第10話〜課せられた運命
なぜそんなことを聞くのだろうか。やっぱりこのクッキーと話していると調子が狂う。
「課せられた運命…」
彼の言葉を口ずさんでいた。余った沈黙は桜子の思考をやんわりと縛っていた。
「貴方も本を読まれるのですね」
「あまり読む機会はないけど、文字の読み書きは一番出来るよ」
個体差はあるものの、大概のクッキーの知能は小学校高学年ぐらいであり、楽観主義の人格が基本だ。
中には学者よりも賢いクッキーがいるのだとか。しかし、そこまで賢いクッキーは処分される一択である。
理由は単純で、ストライキやらテロが起こされるからだ。
「賢いですね」
「考える事が多いだけだよ」
褒めてみたものの、フェイはあまり嬉しくなさそうだった。
「運命の意味は巡り合わせ、それが課せられたとなると…必然的な出会いということでしょうか」
桜子が前に辞書で遊んでいた時に覚えていた事を彼に話すと、フェイは残念そうな顔をした。
「人間が与えた意味合いなんてどうだっていい。桜子ちゃんの意見を聞きたいんだよ」
彼が桜子に何を求めているのか、よく分からない。他のクッキーは分かりやすかったなと思うのだった。

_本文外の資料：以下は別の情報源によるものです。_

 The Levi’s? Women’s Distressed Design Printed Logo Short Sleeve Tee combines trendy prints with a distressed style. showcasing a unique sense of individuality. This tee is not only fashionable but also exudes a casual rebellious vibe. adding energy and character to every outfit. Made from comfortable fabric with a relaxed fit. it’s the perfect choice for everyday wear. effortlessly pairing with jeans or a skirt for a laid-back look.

「意思のある全生物の人生にはね、絶対の責務が運命によって与えられると、ボクは考えている。それが課せられた運命なんだよ」
難しい、そう思った。独特の雰囲気に呑まれてしまいそうだ。
「ボクはね、桜子ちゃんの課せられた運命が何なのか知りたいだけなんだ」
お腹が鳴った。彼女は口いっぱいに砂糖を頬張った。そのまま話そうとした。
これ以上黙っていると、彼のせいで賢くなった頭がパンクしそうだ。
「んもうふぉいんふぉ、もいふぉいんふ」
「飲み込んでから話して欲しいな」
飲み込んだ。腹からはもう要らないという信号が届いた。
彼は桜子の意見を待っているので、その課せられた運命が自分にとって何なのかを話した。

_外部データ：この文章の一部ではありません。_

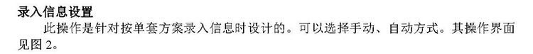 此操作是針對(duì)按單套方案錄入信息時(shí)設(shè)計(jì)的??梢赃x擇手動(dòng)、自動(dòng)方式。其操作界面見圖2。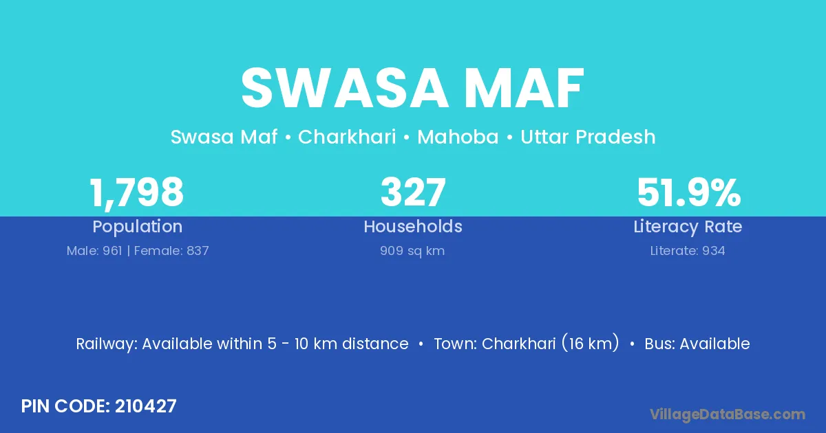 Charkhari (16 km) is the nearest town to Swasa Maf village for major economic activities and is located approximately 16 km away.

「桜子は、信濃さんと一緒に事件を解決してクッキーの地位向上と権利保証を目指しています。それが課せられた運命だと思います」
それを聞いたフェイの目の星の輝きが増した。彼の口角は上がり、あの残念そうな顔ではなくなった。
その反応を見て、桜子はドッと疲れた。人間関係は疲れると口癖のように言っていた信濃の気持ちが今なら分かる。
「それでさ。人間の助手は嫌じゃないの?」
「信濃さんは好きですよ、桜子の知らない知識を教えてくれます。ウザイ所はありますが」
信濃は桜子を溺愛している。それは誰だって理解出来ることだ。しかし、桜子から信濃はどうだろう。
彼女もまた信濃のことが尊敬しているから好きなのだ。
彼は笑顔を止めた。俯瞰しているようで私情が入っている、なにを考えているのだろうか。
「そうか、好きなんだ」
「いやウザイ部分はありますけれど」
ここを強調するのは尊敬はしていても、彼の浪費癖や構って欲しい時の行動が非常に鬱陶しいからだ。

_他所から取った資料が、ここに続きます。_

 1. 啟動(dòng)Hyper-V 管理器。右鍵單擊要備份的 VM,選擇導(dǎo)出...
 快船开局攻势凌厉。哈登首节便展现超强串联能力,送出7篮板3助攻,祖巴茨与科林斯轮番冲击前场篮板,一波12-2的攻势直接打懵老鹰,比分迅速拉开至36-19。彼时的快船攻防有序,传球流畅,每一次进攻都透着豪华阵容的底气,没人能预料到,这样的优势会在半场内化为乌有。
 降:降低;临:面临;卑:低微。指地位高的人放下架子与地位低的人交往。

特に、桜子の為だと言って化粧道具だの服だの買ってくる。おかげで毎月結構カツカツなのだ。
そうやって会話をしていると、喧嘩をしていたクッキー達が二体が居るビリヤード台に近づいてくる。
シャンティとメアリーは体のところどころが砂糖がついている。
一番砂糖が掛かっているのはチェリーで、彼女の頭に白い山が出来ている。動いたせいで彼女のモノクルに、砂糖がみっちりと詰まっている。
「あ、フェイ!恋バナかしら!」
「何!恋バナだと!桜子か?やっぱり信濃が彼氏なのか?」
「皆さん、桜子さんに失礼ですぅ!信濃様とは探偵様と助手様の関係だって…」
チェリーはモノクルを外した。砂糖のせいで目が痛くなりつつも、必死に桜子の弁護に入ったが、それは無駄だった。
「黙っとけよチェリー」
「そうよ、貴女に口を開く権利ないわよ」
二人に砂糖を掛けられただけではなく、暴言まで吐かれたチェリーは泣いた。
「ひ、酷い!うえええん!」
その様子をケラケラと笑って、更に泣かせてやろうと砂糖をかけている。
止めたとしても止めないだろうし、そもそも彼女を助ける理由も虐める理由もない。
館のクッキー達と仲良くなった。部屋中砂糖まみれになったので、渋々全員ほうきとチリトリで掃除した。